В Ленинграде нас встретило огромное количество санитарных машин и два автобуса. Видимо думали, что в группе в основном лежачие. Разместившись в двух автобусах, поехали в город. По пути у одного пивного ларька всем автобусом попили пива.
В Ленинграде нас разделили на две группы. Более тяжелая группа осталась в медицинской академии, остальных направили в военноморской госпиталь.
В академии остались: Повстьев, Козырев, Енин, Красичков, Кулаков, Березов, Рыжиков. Отношение медперсонала к нам было великолепное. Назову прежде всего Алексеева Григория Ильича. Он сам делал нам пересадку костного мозга, сам же готовил инструментарий.

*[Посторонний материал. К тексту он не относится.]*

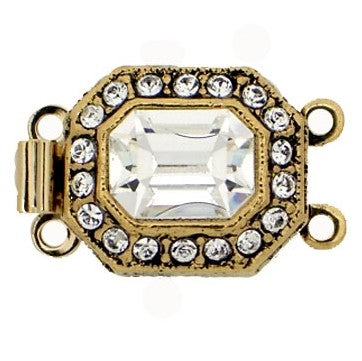 This is a high quality 23 carat gold plated clasp from Neumann and has been made with CRYSTALLIZED Swarovski Elements. There is 1 large Swarovski crystal in the centre and 18 smaller Swarovski crystals around the edge. The clasp measures about 14 x 12mm, has 2 rows and a springtongue mechanism. It has been made in Germany so has been made to high environmental standards- with best quality base and production methods. All Neumann clasps are nickel free. Please note that the photo shows the Antique Gold clasp, so these clasps are a brighter gold colour.
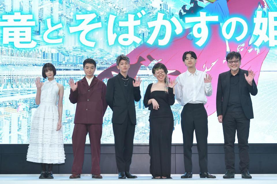 キャストの玉城ティナ、染谷将太、佐藤健、中村佳穂、成田凌、監督の細田守
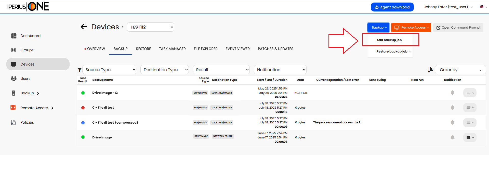 Adesso il job è nella lista dei backup del Dispositivo, ed è possibile compiere svariate operazioni come andare in edit del job, duplicarlo, eliminarlo e soprattutto eseguirlo.
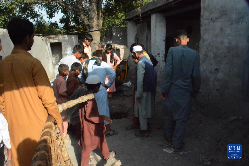 8月28日,人们聚集在阿富汗楠格哈尔省的空袭现场。
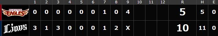 西武:山川38号2ラン(1回)、森15号ソロ(2回)、
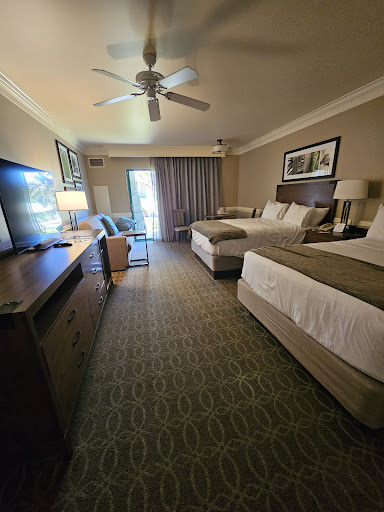 Read moreI was impressed. Reading some of the reviews had me worried. We love to be fully emerged in Disney when we are there. That’s the whole point right? This was not a fully emerged experience BUT it was a good experience non the less. Let’s start with how it feels like you are traveling back to the late 90’s- early 2000’s. Some people don’t like this. We loved it. Our family is not one to jump to modern styles. We like older vibes. This hotel would be considered outdated to most people now days. I would agree with that statement if I was that type of person. There are some things that need to be refurbished though but it was not a deal breaker for us. We had a ceiling fan in our room and that thing WORKED! It was great. Cast members were very friendly. Didn’t find a rude person. Grounds were kept nice at all times and are lovely. VERY QUIET resort. Seriously. We felt like party animals talking in a regular voice level lol. We barely heard anyone unless we walked past their rooms and were not talking. You won’t go hungry here. Those working at the restaurants are working hard so be nice. They are there for hours working to keep us fed and they smile while doing it. The food options are closed by 11. So if you k onto will be back after that eat before you go back to your room. The lobby was COLD which was also lovely. The ONLY thing I would say needs work is the transportation. Having to go to the TTC to get the monorail to MK and Epcot makes you have to leave your room earlier and you waste time on getting to the parks. Then you have one bus for Hollywood studio and Animal Kingdom. This means you are on the bus traveling to two parks depending on which park the driver goes to first. This is a waste of time for people who are on a time crunch as most are when at Disney. This is not a deal breaker overall since the price to stay here was extremely affordable. The affordability of the room is why we chose to stay this trip. We were short on funds and were meeting family. If we did not have this option we would not have been able to attend our family gathering. The money saved was worth the time lost in transportation at the end of the day. BUT if it can be worked out better it would be a great deal easier for guests. They have an exchange and an ITT office for veterans and military to obtain park tickets. The parking garage was NICE. It’s attached to the hotel. If you park on the fourth level and enter the building from that level you will be on the fourth floor of the hotel. Elevator to parking garage makes life easy especially if you have disabilities. The rooms are SPACIOUS! The hotel as a whole is disability friendly. This is amazing for our disabled veterans and active service members. We would stay again. There was nothing to keep us...
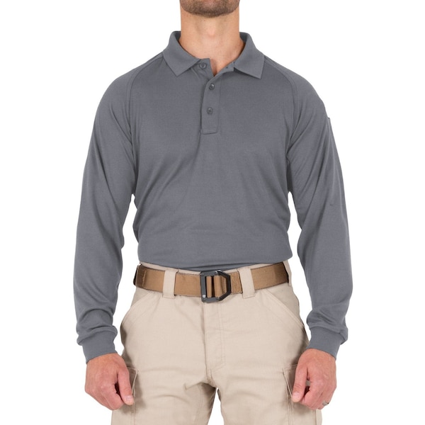 PERFORMANCE POLO LONG SLEEVE, 100% Polyester, Button, 1 Pocket(s), Wolf Gray, L
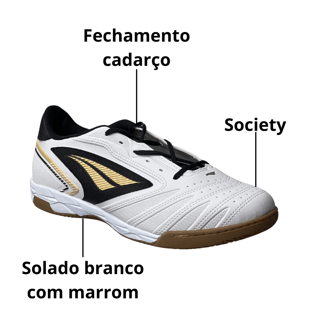 Fechamento: Cadarço preto que oferece ajuste firme e um contraste moderno com o corpo branco da chuteira.
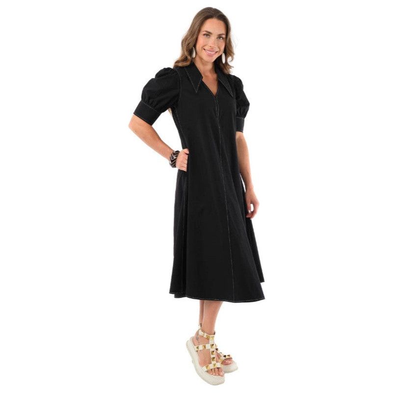 Lior Black Point Collar Short Sleeve Dress (Amber-1-AR)

Закржевский Е.Б., полковник, предложил не колеблясь, свой костный мозг для Повстьева, так как пересадка нужна была в день приезда, а доноров не было. Для Козырева дала костный мозг медсестра Мария Васильевна. Мой лечащий врач Беата Витольдовна Новодворская в дни кризиса постоянно была рядом. И все же, к нашему большому сожалению, двух товарищей спасти не удалось. Повстьев умирал на руках у Енина и Козырева. Очень ему хотелось увидеть своего сына, который недавно родился. Однако, не успела его Валентина буквально самую малость.
Смерть Юрия Николаевича как-то подкосила и нас. Резко ухудшилось состояние у Козырева, Рыжикова, Красичкова, Енина, Кулакова, Березова. Температура подскочила к сорока градусам. Нам стали делать повторную пересадку костного мозга, каждый день прямое переливание крови.
Через три дня после смерти Повстьева потеряли мы и Бориса Рыжикова. Умирал Борис тяжело, был все время в сознании. Не хотелось ему умирать в 22 года. Он же в волейбол играл уже здесь в академии.
Может быть, не следовало этого делать.
Хочется сказать о наших женах. Все они приехали в Ленинград, приходили к нам каждый день. А моя Надежда Сергеевна, узнав, что нам дали квартиру, не дожидаясь моего возвращения из похода, с двумя малыми детьми приехала в Западную Лицу. Сюрприз мне хотела преподнести. Там ее встретил В.А.Ваганов и ошарашил встречным «сюрпризом». Оправившись от «сюрприза», приехала в Ленинград и находилась там до моего выздоровления.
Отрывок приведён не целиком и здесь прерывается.